This section handles the extraction and preparation of dataset contents for ingestion into vector database. The process includes the following steps:
- Extracts all PDF files from the retrieved TAR archives.
- Processes the content of each PDF to structure the data appropriately.
- For `Elasticsearch`:
    - Stores the processed data into a data structure for further processing.
- For `Milvus`:
    - Transforms the processed data into a format compatible with the Milvus bulk writer.
    - Writes the prepared data to a Milvus-associated COS bucket.

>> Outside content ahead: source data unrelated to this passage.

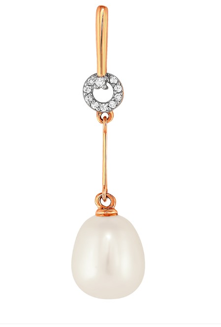 Превосходна подвеска с натуральным жемчугом и фианитами, из красного золота 585 пробы. Утонченное украшение с изумительным сиянием белоснежного жемчуга и прозрачных фианитов смотрится очень женственно и достойно, и эффектно дополнит элегантный образ владелицы. Приобретайте ювелирное украшение в подарок по выгодной цене в магазинах Мир Золота.
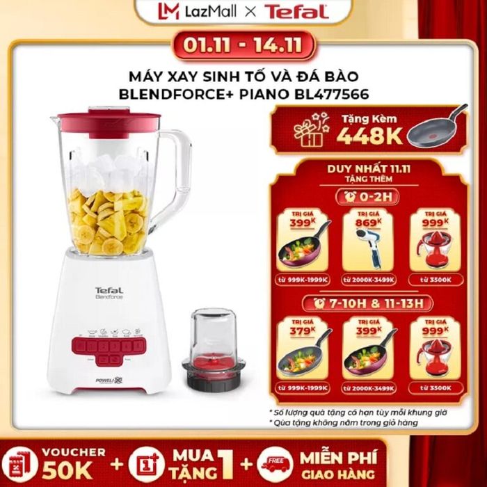 During the 11.11 Big Sale Day on Lazada, this Tefal Blendforce Piano BL477566 smoothie and ice-crushing blender is on sale for 35% OFF, NOW ONLY 1,299,000 VND, and comes with an additional gift, the Tefal Natura 28cm frying pan worth 448,000 VND.
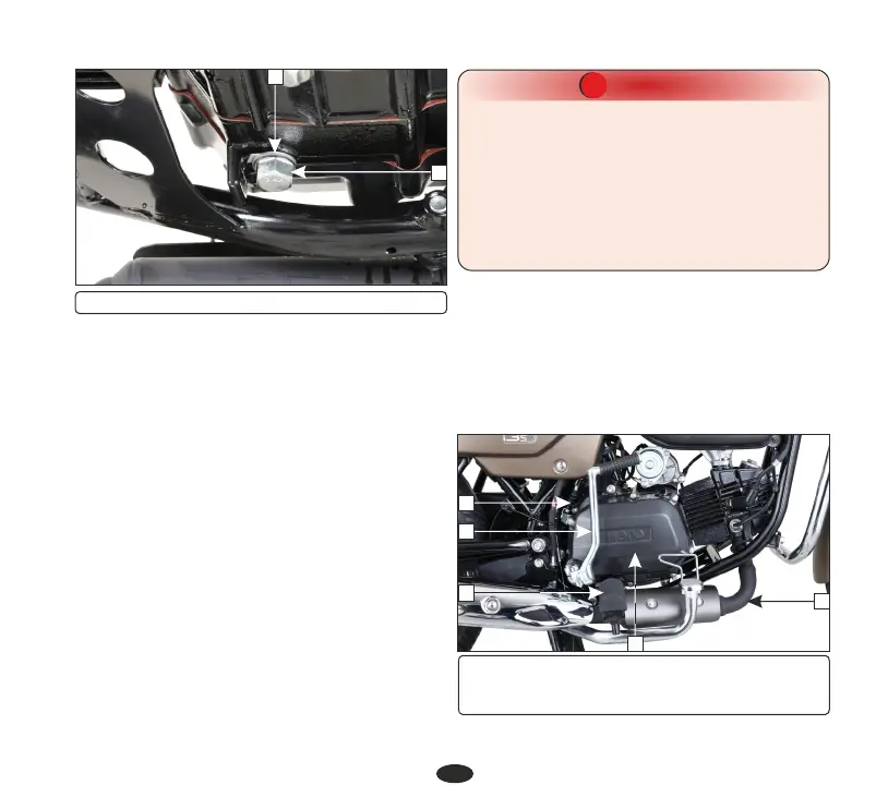 (1) Kick starter pedal (2) Muffler
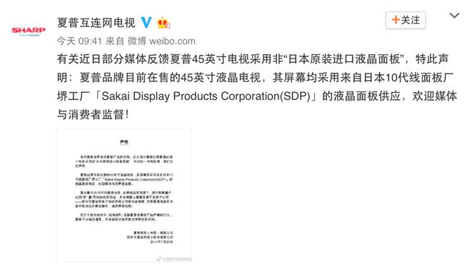 夏普電視辟謠:在售45寸電視均為日本液晶面板
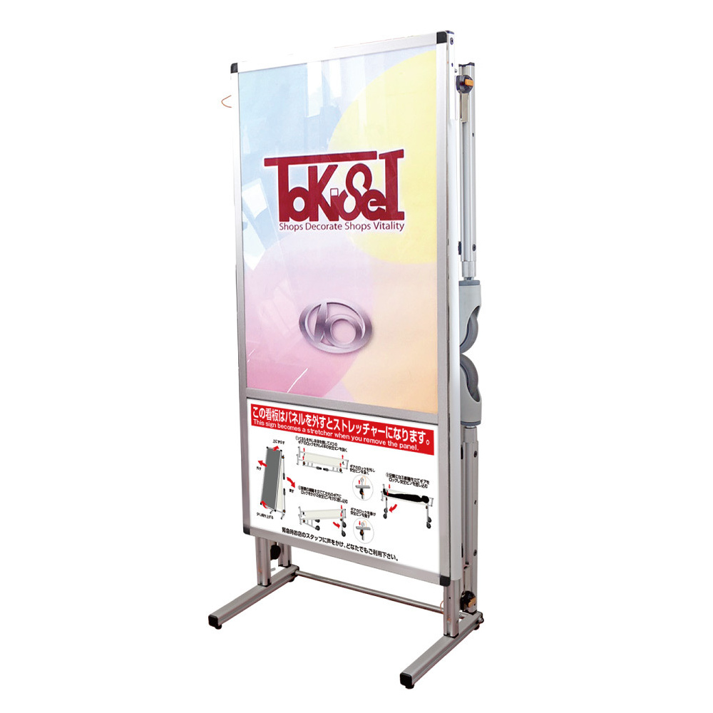 屋内直立看板がストレッチャーに早変わり!通常は案内看板・非常時はストレッチャーとして1台2役の機能性看板。
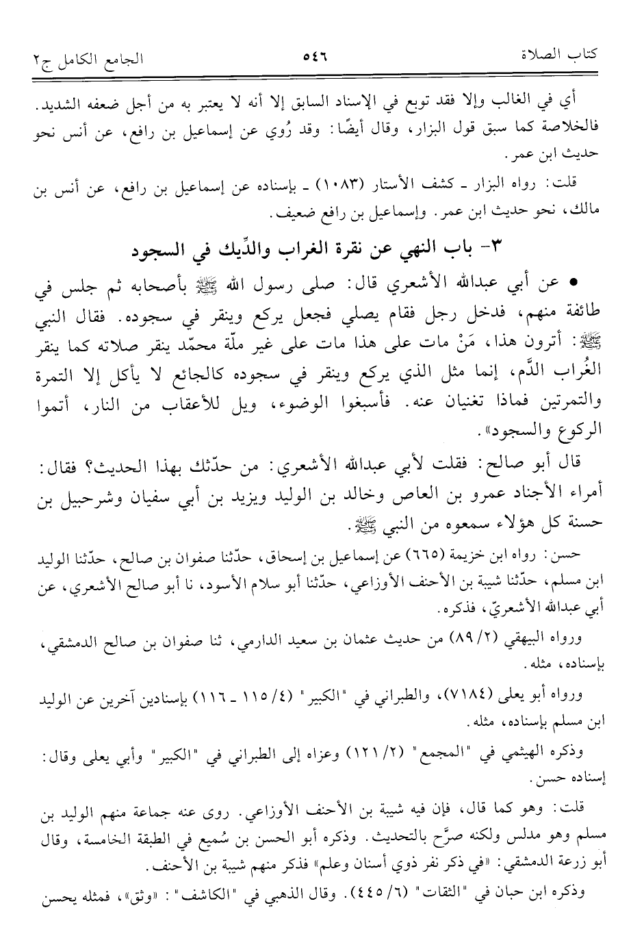 ٣ - باب النهي عن نقرة الغراب والدِّيك في السجود
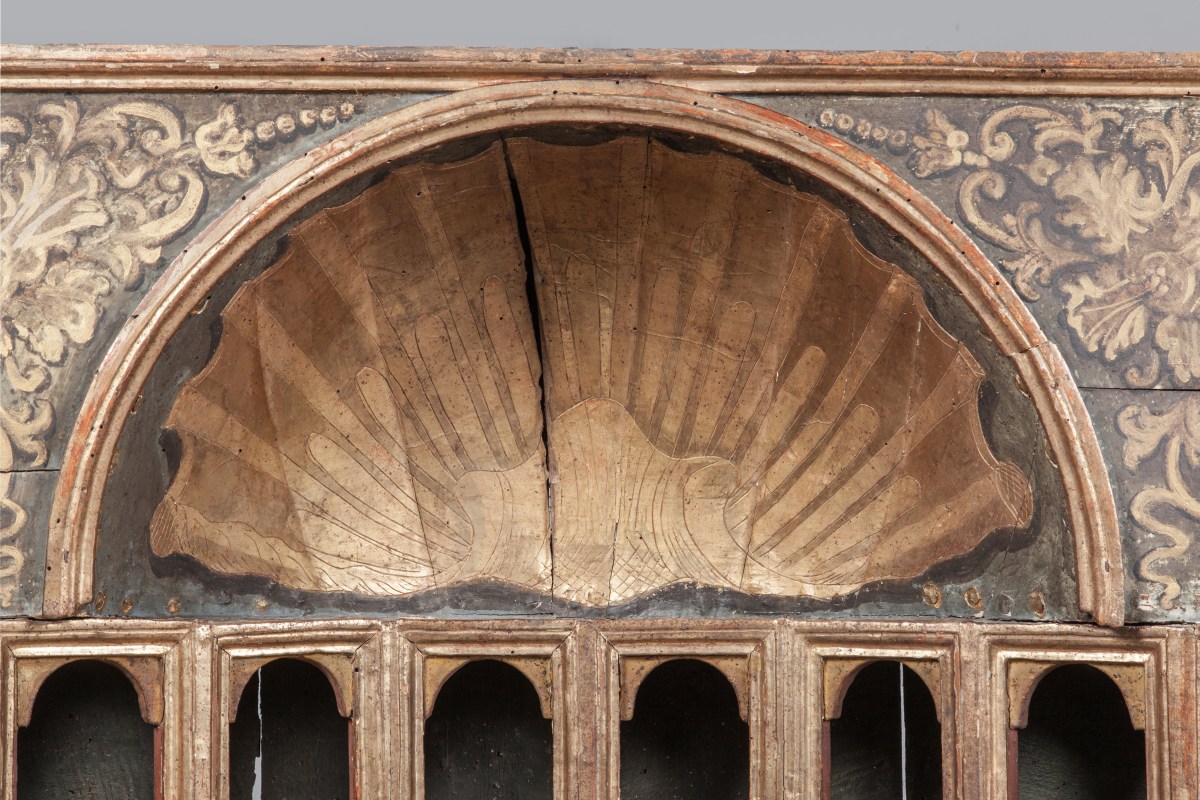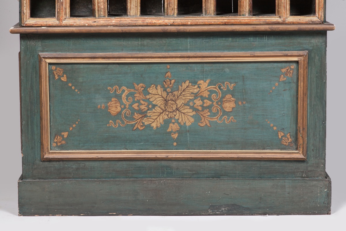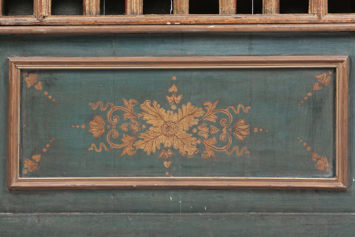 Elles sont agrémentées de panneaux latéraux rechampis bleu canard et or et reposent sur un caisson amovible de mêmes couleurs centré d'un motif feuillagé doré qui s'inspire de celui qui orne la partie supérieure des armoires.

**Optional**: You can uncomment the pdf_count parameter to limit the number of PDF files processed per tar file during execution — useful for testing or resource management.

In [None]:
def generate_hash(content):
    return hashlib.sha256(content.encode()).hexdigest()
    
def prepare_and_write_data(documents, hybrid_search, doc_list, pdf_name):
    try:
        global embedding
        # Generating batch embedding for the document list
        doc_embeddings = embedding.embed_documents([doc.page_content for doc in documents])
        for index in range(len(documents)):
            doc = documents[index]
            doc._id=generate_hash(doc.page_content+'\nTitle: '+doc.metadata['title']+'\nUrl: '+doc.metadata['document_url']+'\nPage: '+doc.metadata['page_number'])
            doc.id=doc._id
            doc = json.loads(doc.json())
            doc['title']=doc['metadata']['title']
            doc['document_url']=doc['metadata']['document_url']
            doc['page_number']=doc['metadata']['page_number']
            doc['source']=doc['metadata']['source']
            doc['text'] = doc['page_content']
            if hybrid_search:
                doc['dense'] = doc_embeddings[index]
            else:
                doc['vector'] = doc_embeddings[index]
            del doc['page_content']
            del doc['type']
            del doc['metadata']
            doc_list.append(doc)
    except Exception as e:
        print(f'Error in preparing and writing data for PDF : {pdf_name}. Error : {e}.')
        
def process_pdf(pdf, doc_list, all_docs_split):
    pdf_name, pdf_content = pdf
    try:
        print(f'Started Processing pdf content: {pdf_name}.')
        with tempfile.NamedTemporaryFile(suffix=".pdf", delete=True) as temp_pdf:
            temp_pdf.write(pdf_content)
            temp_pdf.flush()  # Ensure all data is written to the file
            loader = PyPDFLoader(temp_pdf.name)
            documents = loader.load()
            split_docs = get_split_documents(documents, pdf_name)
            
            if connection_type=="elasticsearch":
                all_docs_split.extend(split_docs)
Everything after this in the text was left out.